One of the Drucker concepts that resonated with me is the concept of “purposeful abandonment”. He argues that it’s easy to take on more responsibility, do more products, support more customers, but the hard part is the “letting go” part. By taking a concerted and proactive approach to identifying “what you won’t do anymore” one creates the space needed to move forward in the areas that matter.
The concept is surprising relevant when applied to Data Science. Here’s my take on it:
1) Do you really need all those data fields and metrics?
The thrill of Big Data is having no limits on the number of fields that we have in our datasets. With space being so cheap, and an abundance of distributed computing power, there’s no need to scrutinize the fields that we’re tracking. But, isn’t this just a form of Parkinson’s law in action (i.e. Data expands to fill the space available for storage)? With every data field and metric comes the need to do quality assurance, test for face-validity, and understand the underlying quirks. Letting go of those “nice to have” data fields and metrics allows Data Scientists to better focus on the ones that really matter. Less time checking redundant fields and metrics equals more time for insightful and impactful analyses.
2) Do you really need all those records?
Just like the previous concept, what’s the big deal? Why not analyze all the data records in our data sets, all the time? There are certainly times when we really need the full dataset, but often this stage can wait until the first exploratory analyses have been done. Sadly, some analysts can get stuck in a mindset of always running analyses on the full dataset. And so, they spend lots of time and effort on using Big Data tools, when they could have used good old fashion statistical samples to just cut to the chase. Less time running all analyses on all of the data records can equal more time nimbly running exploratory analysis to find the hidden gems you’re looking for.
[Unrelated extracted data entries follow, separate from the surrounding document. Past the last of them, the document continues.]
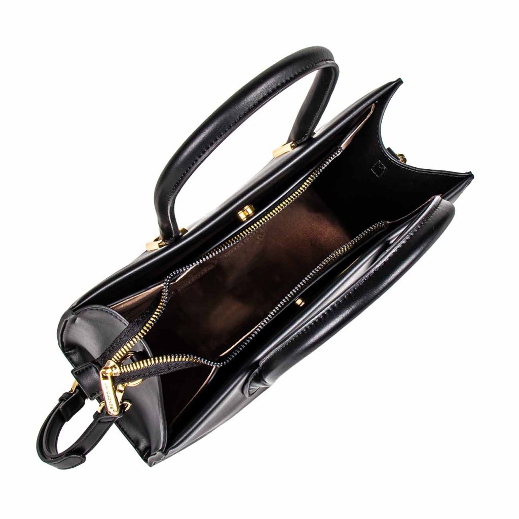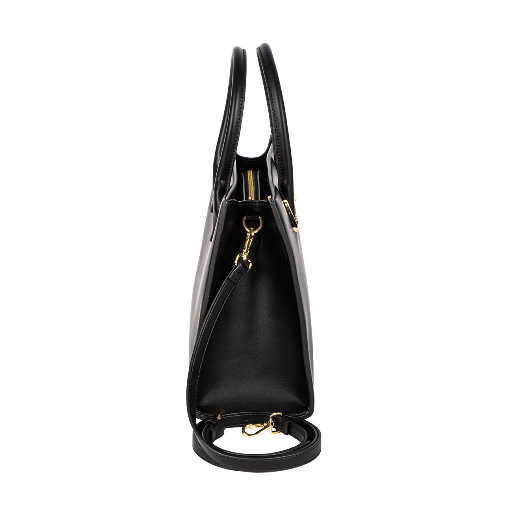 A kézitáska kényelmesen hordható kézben a fix fogantyúkkal, vagy vállon az állítható és levehető pánttal.
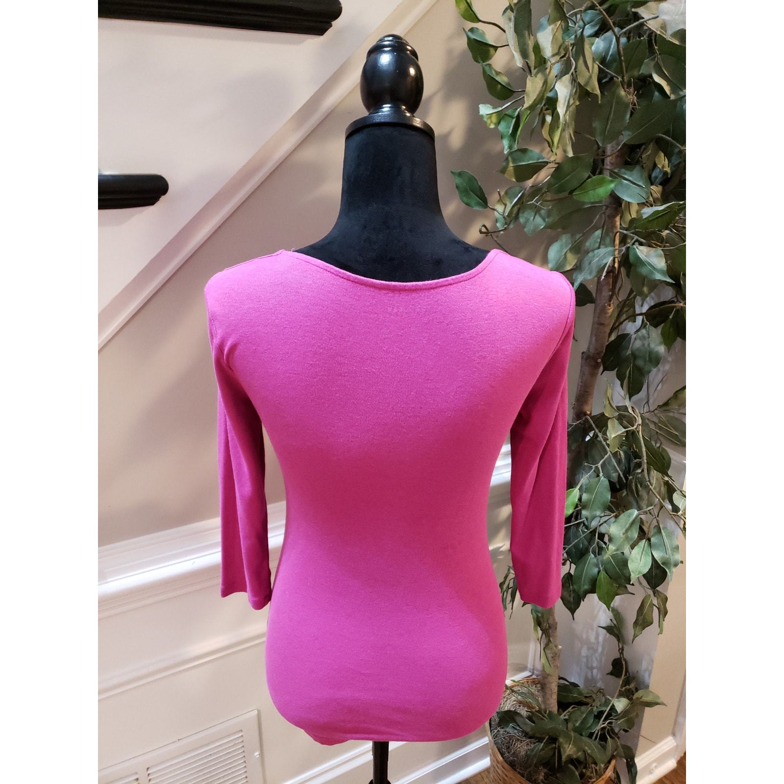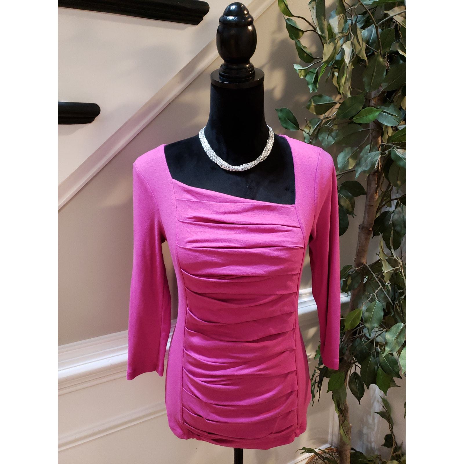 Express Women's Small Pink Ruched Square Neck Stretch Top 3 4 Sleeve
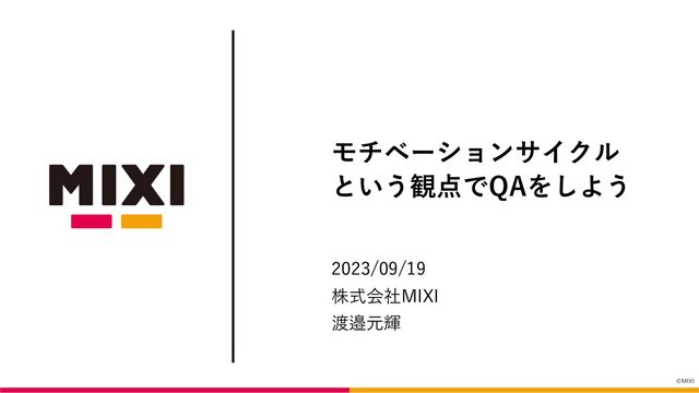 ©MIXI モチベーションサイクル という観点でQAをしよう 2023/09/19 株式会社MIXI 渡邉元輝
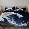 Комплект пододеяльника «Японская волна», трехпредметный комплект, комплект постельного белья на морскую тематику с традиционной японской живописью
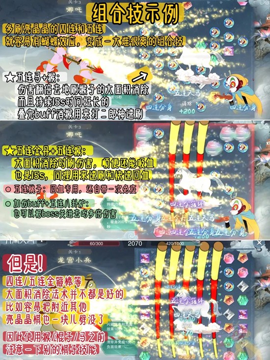 个人不建议哪吒和四大天王采用猴子无限连清屏,我之前试过,清屏一时爽,二郎神火葬场。因为清完屏棋子会重新随机,到二郎神很难做局,万一那时候刚好也没多少血,被杨戬戳几下没了很难救回来
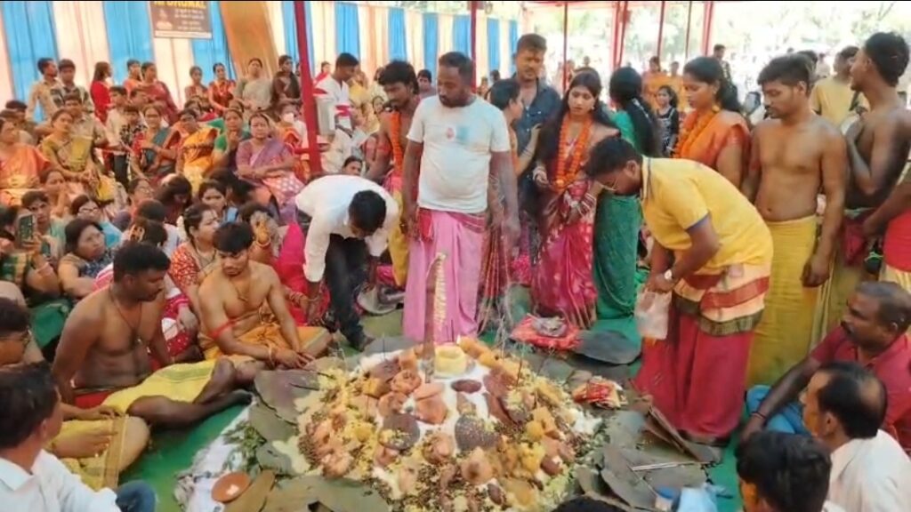 देवी के सामने आसन में दो क्विंटल से अधिक चावल की ढेर लगाई गई, जिसमें विविध प्रकार के दक्षिण भारतीय व्यंजन मिश्रित कर ढेर में कपूर प्रज्वलित की गई, तो वहीं यजमान परिवार द्वारा विधिवत पूजा कर यह भोग देवी को अर्पित किया गया।इस अवसर पर बड़ी संख्या में श्रद्धालु शामिल हुए, जो इस पल के साक्षी बने। सभी ने बताया कि पिछले 10 दिनों से आयोजन का हिस्सा बनने के बाद अब देवी की विदाई से सब का मन व्यथित है। हर वर्ष की भांति इस वर्ष भी देवी को महाकुंभम का भोग अर्पित करने के बाद यहां समिति द्वारा विशाल भंडारे का आयोजन किया गया जिसमें शामिल होकर श्रद्धालुओं ने प्रसाद ग्रहण किया।

3) Do you really need all those reports?
Many Big Data groups are tasked with providing management reports and scorecards in response to the demands of the organization. But, there are always requests for new reports, new analyses, new dashboards and so on, and rare is the situation where old reports are retired. But with each published report comes the responsibility of getting the numbers right. By taking a “Google Analytics” approach to older reports, one can discover which ones are no longer relevant. Less time supporting irrelevant reports equals more time making reports that make an impact.
4) Do you really need all of those models?
It’s easy to get into a mindset of using a model or a technique, because “that’s how we’ve always done it”. It takes a critical eye to step back from one’s work and really question if it’s harder than it needs to be. While using an advanced analytical technique can make the work seem more sophisticated, at the end of the day, people care about performance. And if a simple, low-tech approach yields the same results with less effort, this can be an easy win. Less time using complicated advanced analytical techniques on problems that don’t need them equals more time focusing on better predictive performance.
I’m sure there will be people who disagree with the “less is more” concept as applied to Big Data – it is admittedly a contrarian perspective. If you disagree, please share your thoughts and ideas.